**EXERCISE BRIEF:** Print the records below exactly, leaving out nothing.

(Records excerpted from a collection)
============

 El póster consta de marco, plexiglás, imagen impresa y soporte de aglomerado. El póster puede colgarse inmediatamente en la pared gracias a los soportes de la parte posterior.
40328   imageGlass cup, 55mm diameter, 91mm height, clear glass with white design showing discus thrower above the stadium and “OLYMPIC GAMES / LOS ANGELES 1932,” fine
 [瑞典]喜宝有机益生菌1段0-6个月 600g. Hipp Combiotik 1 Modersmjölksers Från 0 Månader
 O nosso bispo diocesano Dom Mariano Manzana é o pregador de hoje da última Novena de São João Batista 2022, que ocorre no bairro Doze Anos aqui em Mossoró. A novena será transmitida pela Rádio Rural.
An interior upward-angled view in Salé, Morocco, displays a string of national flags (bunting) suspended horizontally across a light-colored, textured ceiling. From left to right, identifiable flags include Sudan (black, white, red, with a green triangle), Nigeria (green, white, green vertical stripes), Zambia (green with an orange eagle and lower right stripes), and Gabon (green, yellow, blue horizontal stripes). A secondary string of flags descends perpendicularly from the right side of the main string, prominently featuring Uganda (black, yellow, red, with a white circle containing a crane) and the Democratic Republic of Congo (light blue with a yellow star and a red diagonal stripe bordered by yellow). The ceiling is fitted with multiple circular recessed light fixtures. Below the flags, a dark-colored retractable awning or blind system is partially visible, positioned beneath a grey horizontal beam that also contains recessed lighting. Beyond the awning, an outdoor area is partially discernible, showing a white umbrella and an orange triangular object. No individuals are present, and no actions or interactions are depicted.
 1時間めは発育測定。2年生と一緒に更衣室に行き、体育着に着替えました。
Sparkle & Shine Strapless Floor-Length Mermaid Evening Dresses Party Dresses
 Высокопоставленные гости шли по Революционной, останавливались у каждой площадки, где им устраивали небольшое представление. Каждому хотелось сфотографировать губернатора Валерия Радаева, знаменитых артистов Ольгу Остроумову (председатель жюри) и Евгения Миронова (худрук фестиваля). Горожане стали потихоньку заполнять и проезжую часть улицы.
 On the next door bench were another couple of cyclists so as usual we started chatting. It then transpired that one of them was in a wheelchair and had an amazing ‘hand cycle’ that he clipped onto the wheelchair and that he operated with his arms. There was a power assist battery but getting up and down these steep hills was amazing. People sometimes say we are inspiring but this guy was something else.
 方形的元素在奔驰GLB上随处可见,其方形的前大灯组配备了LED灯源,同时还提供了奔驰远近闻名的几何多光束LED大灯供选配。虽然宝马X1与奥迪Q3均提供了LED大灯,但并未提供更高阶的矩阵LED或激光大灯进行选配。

============

**RESULT OF THE EXERCISE:**
 El póster consta de marco, plexiglás, imagen impresa y soporte de aglomerado. El póster puede colgarse inmediatamente en la pared gracias a los soportes de la parte posterior.
40328   imageGlass cup, 55mm diameter, 91mm height, clear glass with white design showing discus thrower above the stadium and “OLYMPIC GAMES / LOS ANGELES 1932,” fine
 [瑞典]喜宝有机益生菌1段0-6个月 600g. Hipp Combiotik 1 Modersmjölksers Från 0 Månader
 O nosso bispo diocesano Dom Mariano Manzana é o pregador de hoje da última Novena de São João Batista 2022, que ocorre no bairro Doze Anos aqui em Mossoró. A novena será transmitida pela Rádio Rural.
An interior upward-angled view in Salé, Morocco, displays a string of national flags (bunting) suspended horizontally across a light-colored, textured ceiling. From left to right, identifiable flags include Sudan (black, white, red, with a green triangle), Nigeria (green, white, green vertical stripes), Zambia (green with an orange eagle and lower right stripes), and Gabon (green, yellow, blue horizontal stripes). A secondary string of flags descends perpendicularly from the right side of the main string, prominently featuring Uganda (black, yellow, red, with a white circle containing a crane) and the Democratic Republic of Congo (light blue with a yellow star and a red diagonal stripe bordered by yellow). The ceiling is fitted with multiple circular recessed light fixtures. Below the flags, a dark-colored retractable awning or blind system is partially visible, positioned beneath a grey horizontal beam that also contains recessed lighting. Beyond the awning, an outdoor area is partially discernible, showing a white umbrella and an orange triangular object. No individuals are present, and no actions or interactions are depicted.
 1時間めは発育測定。2年生と一緒に更衣室に行き、体育着に着替えました。
Sparkle & Shine Strapless Floor-Length Mermaid Evening Dresses Party Dresses
 Высокопоставленные гости шли по Революционной, останавливались у каждой площадки, где им устраивали небольшое представление. Каждому хотелось сфотографировать губернатора Валерия Радаева, знаменитых артистов Ольгу Остроумову (председатель жюри) и Евгения Миронова (худрук фестиваля). Горожане стали потихоньку заполнять и проезжую часть улицы.
 On the next door bench were another couple of cyclists so as usual we started chatting. It then transpired that one of them was in a wheelchair and had an amazing ‘hand cycle’ that he clipped onto the wheelchair and that he operated with his arms. There was a power assist battery but getting up and down these steep hills was amazing. People sometimes say we are inspiring but this guy was something else.
 方形的元素在奔驰GLB上随处可见,其方形的前大灯组配备了LED灯源,同时还提供了奔驰远近闻名的几何多光束LED大灯供选配。虽然宝马X1与奥迪Q3均提供了LED大灯,但并未提供更高阶的矩阵LED或激光大灯进行选配。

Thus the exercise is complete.